Life depends on the ability of cells to store, retrieve, and translate genetic instructions.These instructions are needed to make and maintain living organisms. For a long time, it was not clear what molecules were able to copy and transmit genetic information. We now know that this information is carried by the deoxyribonucleic acid or DNA in all living things.

**DNA:** DNA is a discrete code physically present in almost every cell of an organism. We can think of DNA as a one dimensional string of characters with four characters to choose from. These characters are A, C, G, and T. They stand for the first letters with the four nucleotides used to construct DNA. The full names of these nucleotides are Adenine, Cytosine, Guanine, and Thymine. Each unique three character sequence of nucleotides, sometimes called a nucleotide triplet, corresponds to one amino acid. The sequence of amino acids is unique for each type of protein and all proteins are built from the same set of just 20 amino acids for all living things.

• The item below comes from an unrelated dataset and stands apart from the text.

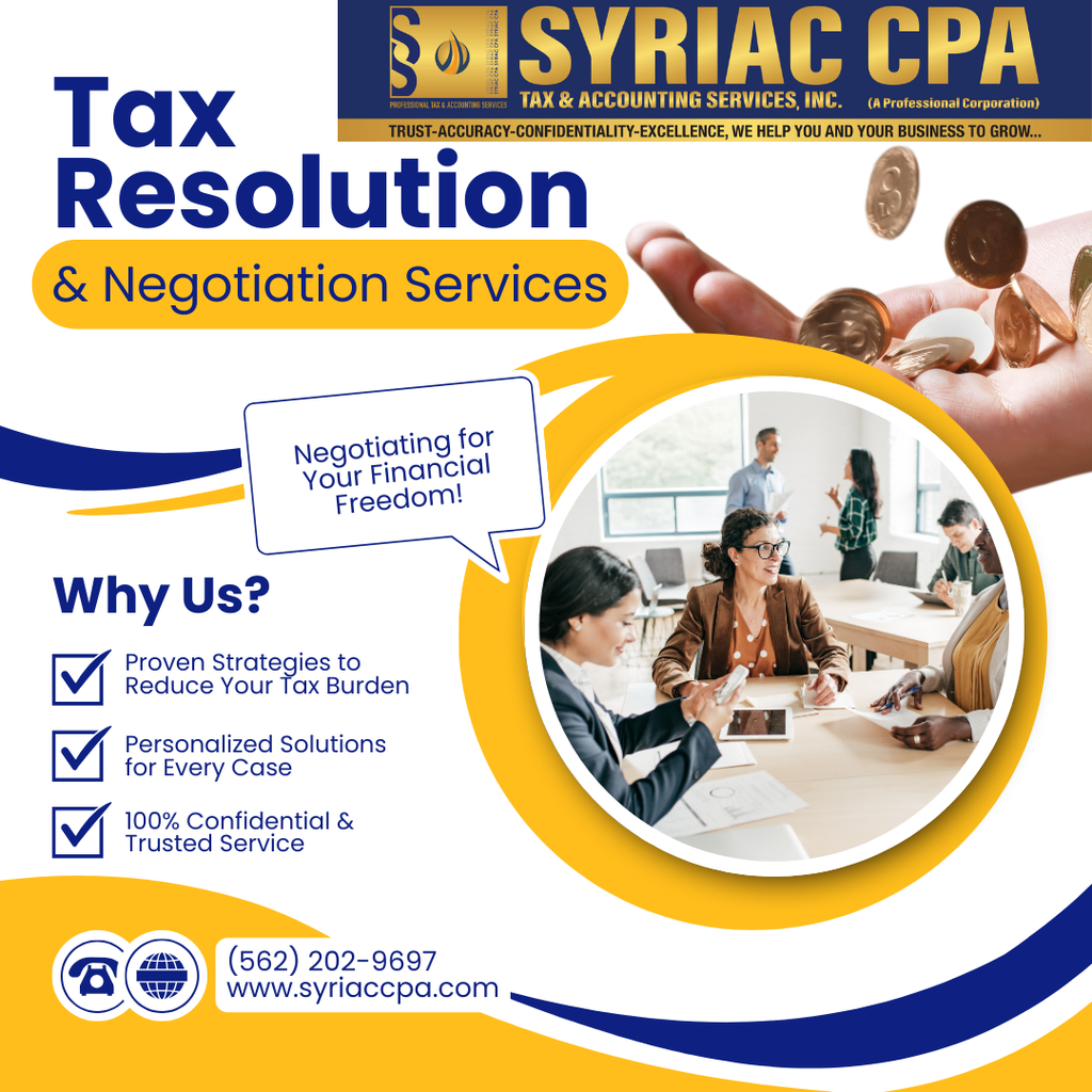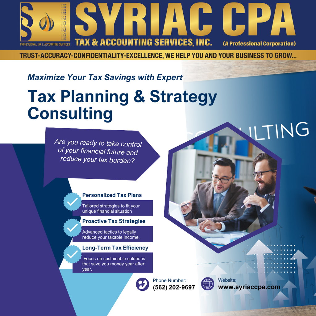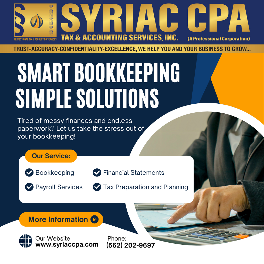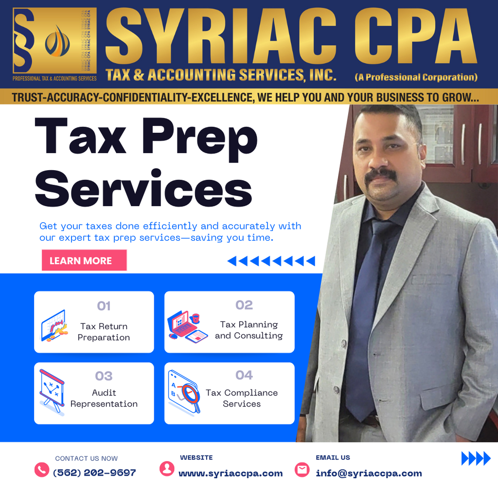 Syriac CPA Tax and Accounting Services Inc. is a trusted CPA firm based in California, providing comprehensive tax preparation, accounting, bookkeeping, payroll, and business consulting services. We specialize in personalized financial solutions for individuals, small businesses, and corporations — with a strong focus on accuracy, compliance, and maximizing savings. Our expert team is committed to helping clients navigate complex tax laws and make informed financial decisions with confidence.

Instructions in the DNA are first transcribed into RNA and the RNA is then translated into proteins. We can think of DNA, when read as sequences of three letters, as a dictionary of life.

**Aim:** Convert a given sequence of DNA into its Protein equivalent.

**File:** Download a DNA strand as a text file from a public web-based repository of DNA sequences from [**NCBI**](https://www.ncbi.nlm.nih.gov/).The Nucleotide sample is ( NM_207618.2 ), which can be found [**here**](https://www.ncbi.nlm.nih.gov/nuccore/NM_207618.2).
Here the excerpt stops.